I have decided to use for my book’s cover an AI image generator.
The image below has won the top prize in a US art competition, fuelling fears about the obvious: the pandemic has accelerated the adoption of automation and AI; the pace will not slow down.
Jason Allen’s AI-generated work “Théâtre D’Opéra Spatial” or ‘Space Opera Theater’. Source: The New York Times
Recently, Charlie Warzel from The Atlantic used an AI Alex Jones generated image in one of his articles which brought a lot of problems:
I went to Getty and saw the same handful of photos of Alex Jones, a man who I know enjoys when his photo is plastered everywhere. I didn’t want to use the same photos again, nor did I want to use his exact likeness at all. I also, selfishly, wanted the piece to look different from the 30 pieces that had been published that day about Alex Jones and the Sandy Hook defamation trial.

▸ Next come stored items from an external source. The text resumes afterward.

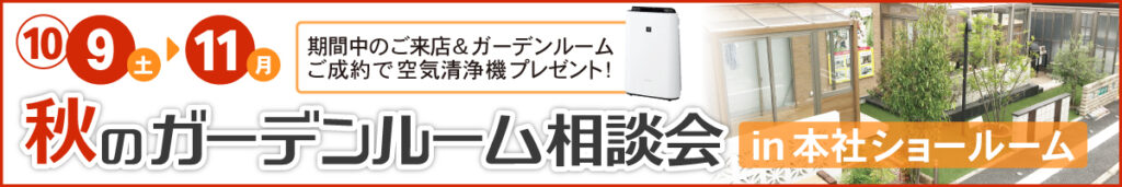 10月の3連休は、毎年恒例の「秋のガーデンルーム相談会」も開催します。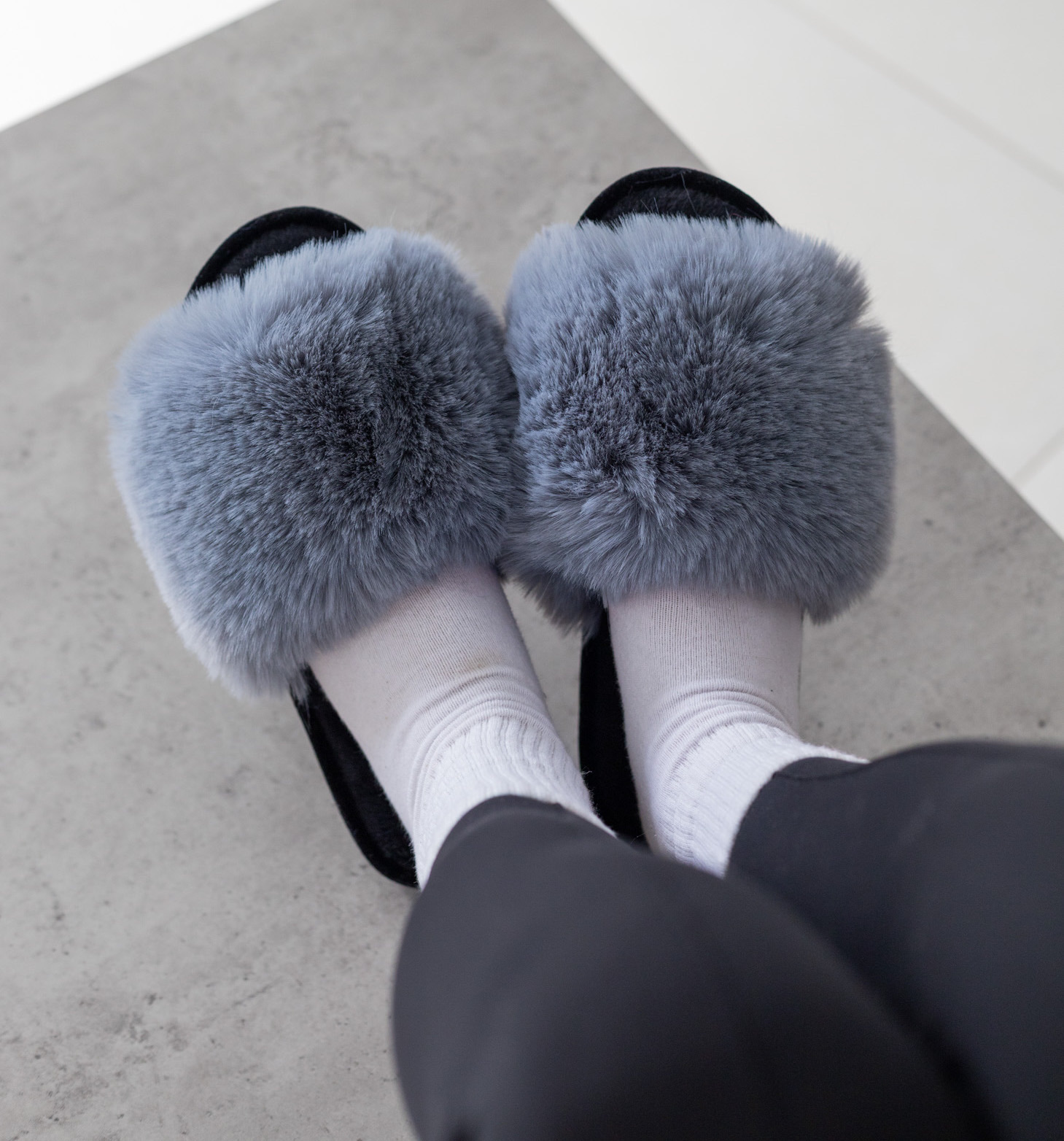 Жіночі домашні капці Halluci з хутра у сіро-чорному кольорі
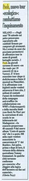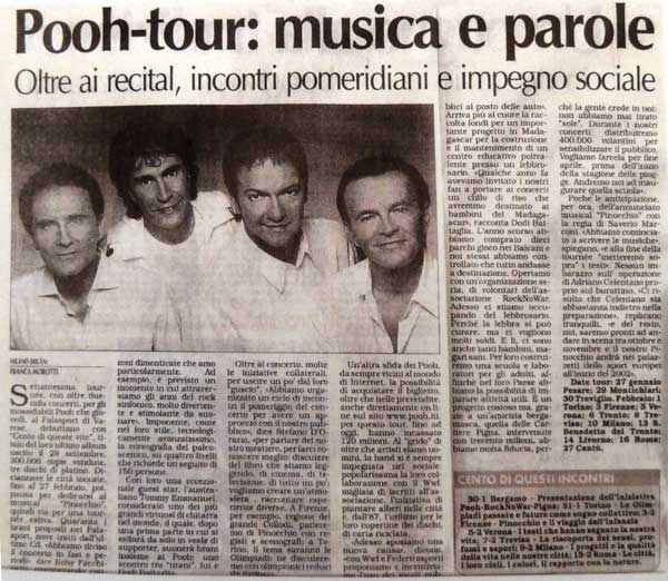 Gennaio 2001 - Corriere della Sera - "Pooh, nuovo tour «ecologico»: combattiamo l'inquinamento", di Gloria Pozzi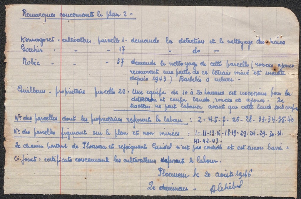 Archives du déminage Finistère-Morbihan : remarques du démineur concernant le plan n° 2, 20 août 1946 (source : Archives départementales du Finistère, FRAD029_2264W_017_06_351)-

All of that subconsciously overrode all the complicated ethical issues around AI art that I was well apprised of. What worries me about my scenario is that Midjourney was so easy to use, so readily accessible, and it solved a problem (abstracting Jones’ image in a visually appealing way), that I didn’t have much time or incentive to pause and think it through. I can easily see others falling into this like I did.
Creative industries are on the edge of being totally disrupted.